Gangliosides Contribute to Vascular Insulin Resistance

Abstract

Insulin in physiological concentrations is important to maintain vascular function. Moreover, vascular insulin resistance contributes to vascular impairment. In the elderly, other factors including hypertension, dyslipidemia, and chronic inflammation amplify senescence of vascular endothelial and smooth muscle cells. In turn, senescence increases the risk for vascular-related diseases such as arteriosclerosis, diabetes, and Alzheimer's disease. Recently, it was found that GM1 ganglioside, one of the glycolipids localized on the cell membrane, mediates vascular insulin resistance by promoting senescence and/or inflammatory stimulation. First, it was shown that increased GM1 levels associated with aging/senescence contribute to insulin resistance in human aortic endothelial cells (HAECs). Second, the expression levels of gangliosides were monitored in HAECs treated with different concentrations of tumor necrosis factor-alpha (TNFα) for different time intervals to mimic in vivo acute or chronic inflammatory conditions. Third, the levels of insulin signaling-related molecules were monitored in HAECs after TNFα treatment with or without inhibitors of ganglioside synthesis. In this review, we summarize the molecular mechanisms of insulin resistance in aged/senescent and TNFα-stimulated endothelial cells mediated by gangliosides and highlight the possible roles of gangliosides in vascular insulin resistance-related diseases.
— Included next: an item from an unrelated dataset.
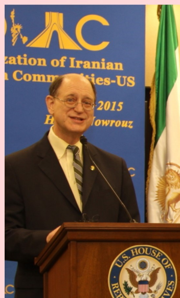
Rep. Brad Sherman

Keywords: GM1 ganglioside; aging; endothelial cell; inflammation; senescence; vascular insulin resistance.

Figure 1

Insulin resistance mediated by gangliosides. (A) Pathways of glycolipids and glycosyltransferases contributing to each ganglioside synthetic pathway. Pathways of the major gangliosides are shown within the rectangle. AMP-dNM is a specific inhibitor of glucosylceramide synthase. Symbols are according to Reference [22]. Glc, Glucose; Gal, Galactose; GalNAc, N-acetylgalactosamine; Neu5Ac, N-acetylneuraminic acid. (B) Gangliosides involved in insulin resistance in classic or non-classic sites. In adipocytes, increased GM3 levels upon TNFα stimulation contribute to insulin resistance in pathological conditions such as obesity, but their contribution to aging is unknown. In the liver, GM3 contributes to insulin resistance possibly due to a reduction in NEU3 that occurs with aging. In the muscle, GM1 and GM2 contribute to insulin resistance, and GM3 contributes to insulin resistance due to a reduction in NEU3 that occurs with aging. In both the liver and the muscle, the effect of TNFα stimulation is unknown. In ECs, simultaneous aging and TNFα stimulation contribute to upregulation of GM1, leading to insulin resistance.

Figure 2

Schematic representation of insulin resistance in ECs. In non-aged ECs, activation of eNOS occurs by insulin stimulation. On the other hand, in senescent ECs, which underwent multiple cell divisions or oxidative stress, GM1 levels increase and insulin signaling decreases. The effects of TNFα are the following. 1) When short-term stimulation (acute inflammation) with low concentrations of TNFα is performed on non-aged ECs, insulin signaling decreases and GM1 levels increase. Further stimulation for a long period of time (chronic inflammation) leads to decreased eNOS expression. Removing the stimulus restores physiological conditions. 2) Short-term stimulation in non-aged ECs with high concentrations of TNFα leads to a decrease in the expression of eNOS. Even if the stimulus is removed, the increase in GM1 levels and the decrease in insulin signaling are stable. When GM1 levels are increased, short-term stimulation with low concentrations of TNFα results in decreased expression of eNOS. 3) In senescent ECs, the expression of eNOS decreases even upon short-term stimulation with low concentrations of TNFα, because GM1 levels are already increased. A continued decline in eNOS levels may lead to disease onset due to chronic reduction of NO production.

Figure 3

Overview of GM1-mediated vascular insulin resistance. (A) Proposed model for GM1-mediated vascular diseases. GM1, which is increased in ECs of peripheral blood vessels due to aging/senescence and inflammation, is secreted into blood vessels in exosomes. Exosomes containing GM1 are transported through blood vessels and incorporated by cardiovascular and cerebrovascular ECs. Vascular insulin resistance can be caused by GM1 taken up from the exosome, leading to insulin resistance-related diseases. (B) Improvement of age-related vascular diseases by AMP-dNM treatment. When AMP-dNM is administered, the GM1 increase in ECs associated with aging/senescence and inflammation can be suppressed. Most likely, insulin signaling can be restored, improving age-related vascular diseases. (C) GM1 specific inhibition for improvement of vascular insulin resistance. Specific inhibition of GM1 synthesis targeting B4GALNT1 or inhibition of the interaction between GM1 and IR in senescent and TNFα-stimulated ECs could be employed to develop new efficient therapeutic strategies for vascular insulin resistance.